Но затем в ее голосе появляется высокомерие, надменность, которые ему вовсе не нравятся. Он не заслуживает и не потерпит разговора с ним в таком тоне. «Боюсь, ты недопонимаешь, что значит особый ребенок и как сильно это меняет твою жизнь». Она что, считает его дураком? Будто он не знает, как малолетний немой идиот способен испоганить ей жизнь! «Ли, боюсь, наше время прошло». Можно подумать, ее пороги обивают двадцать молодцов и у каждого по сотне миллионов баксов. Можно подумать, у них вообще было время. Их время никак не могло пройти, поскольку она не давала ему шанса уложить ее в постель и показать, чего она все это время лишалась по собственной глупости. «Для меня сейчас лучший вариант – тот, который больше всего подходит Вуди. И это явно не Коста-Рика». Неужто она не понимает, что сейчас швыряется в него дерьмом? Эту вонь он ощущает даже по телефону. Смысл этой заковыристой фразы совсем другой: тупоголовый мальчишка, не способный даже говорить, интересует ее больше, нежели Ли Шекет, а застойная жизнь в дыре вроде Пайнхейвена для нее предпочтительнее белых пляжей голубого Карибского моря и насыщенной жизни, если все это связано с Ли Шекетом.

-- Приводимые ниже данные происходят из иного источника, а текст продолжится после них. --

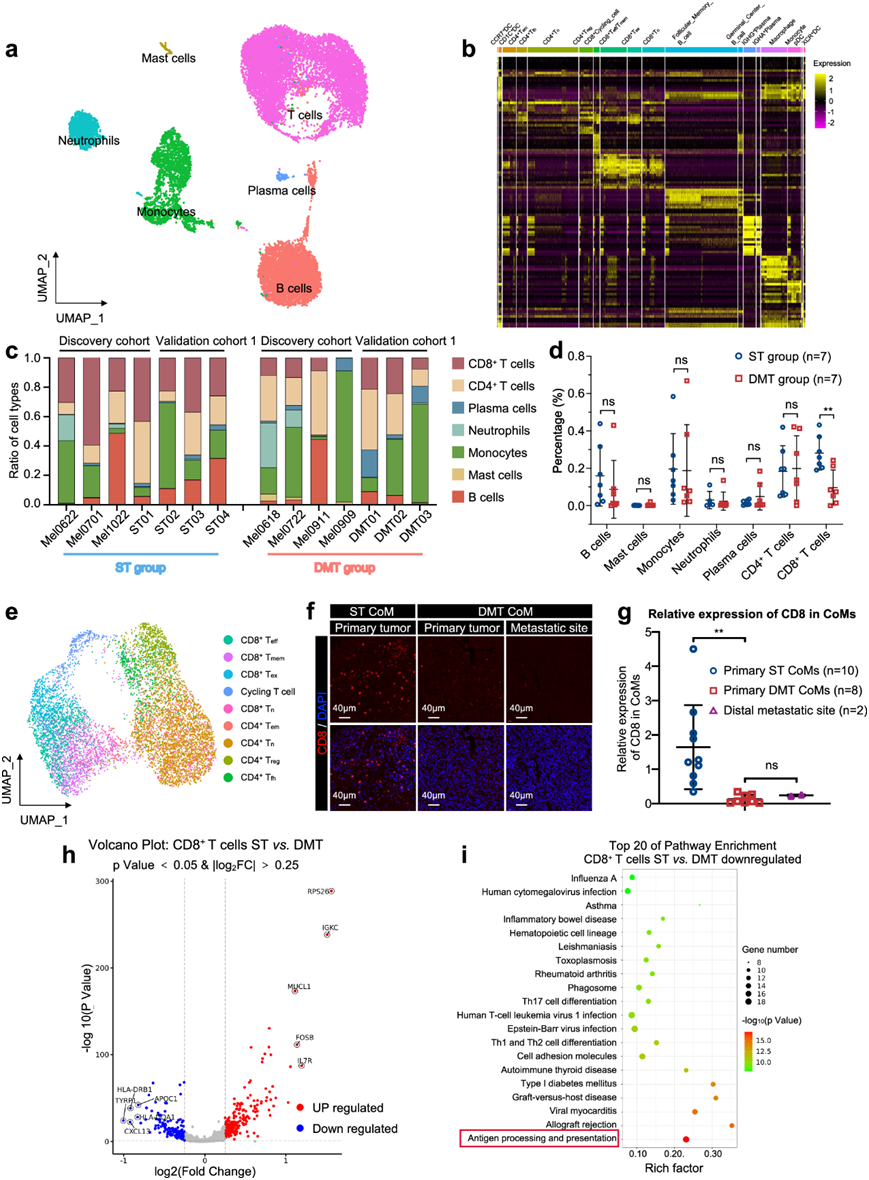 (a) UMAP 图显示 CoM 样本中的免疫细胞类型。(b) 热图显示每种免疫细胞亚型中标记基因的表达水平。(c) 条形图显示 ST 组的 7 个样本和 DMT 组的 7 个样本中注释细胞类型的比例。(d) 来自发现队列和验证队列 1 的 ST 组和 DMT 组中每种免疫细胞亚群的比例。(e) UMAP图显示发现队列中所有 7 个 CoM 样本的 T 细胞亚群。(f) 分别来自 ST 和 DMT 组的 CoM 组织切片和远端转移部位的 CD8 抗体 IF 染色。(g) 根据IF 染色的结果,原发性 ST CoM、原发性 DMT CoM 和远端转移部位中 CD8 的平均表达。(h) ST组和 DMT 组之间CD8 + T 细胞中差异表达基因的火山图。(i) ST 组和 DMT 组之间 CD8 + T 细胞中下调基因的气泡图富集通路。

Чем больше он злится на Меган, тем голоднее становится. Он еще никогда не испытывал столь острого, нечеловеческого голода. Пять часов назад, проезжая через Бишоп, он остановился, чтобы поесть в заведении, которое какой-то безмозглый идиот оценил на три звезды. Тамошние повара даже не смогли приготовить ему гамбургер по его вкусу. Ли дважды отказывался есть их стряпню, пытаясь заставить их понять, что он имеет в виду, говоря об «особом» гамбургере. Третий гамбургер тоже оказался никудышным. На этот раз возражения Ли выслушивала уже не официантка, а управляющий.

– Сэр, как мне думается, в качестве начинки гамбургера вы хотите стейк тартар. К сожалению, в нашем ресторане такие стейки не готовят. Мелко нарезанная полусырая говядина вредна для здоровья, и потому таких блюд у нас нет.

Шекету хочется схватить нож и вилку, располосовать этого паршивца и показать, какое мясо он называет «особым». Но вместо этого он заказывает еще два гамбургера, которые ничем не лучше прежних. Он съедает все три, но только булочку, не притрагиваясь к жареной картошке. Поев, он платит точно по счету, без чаевых.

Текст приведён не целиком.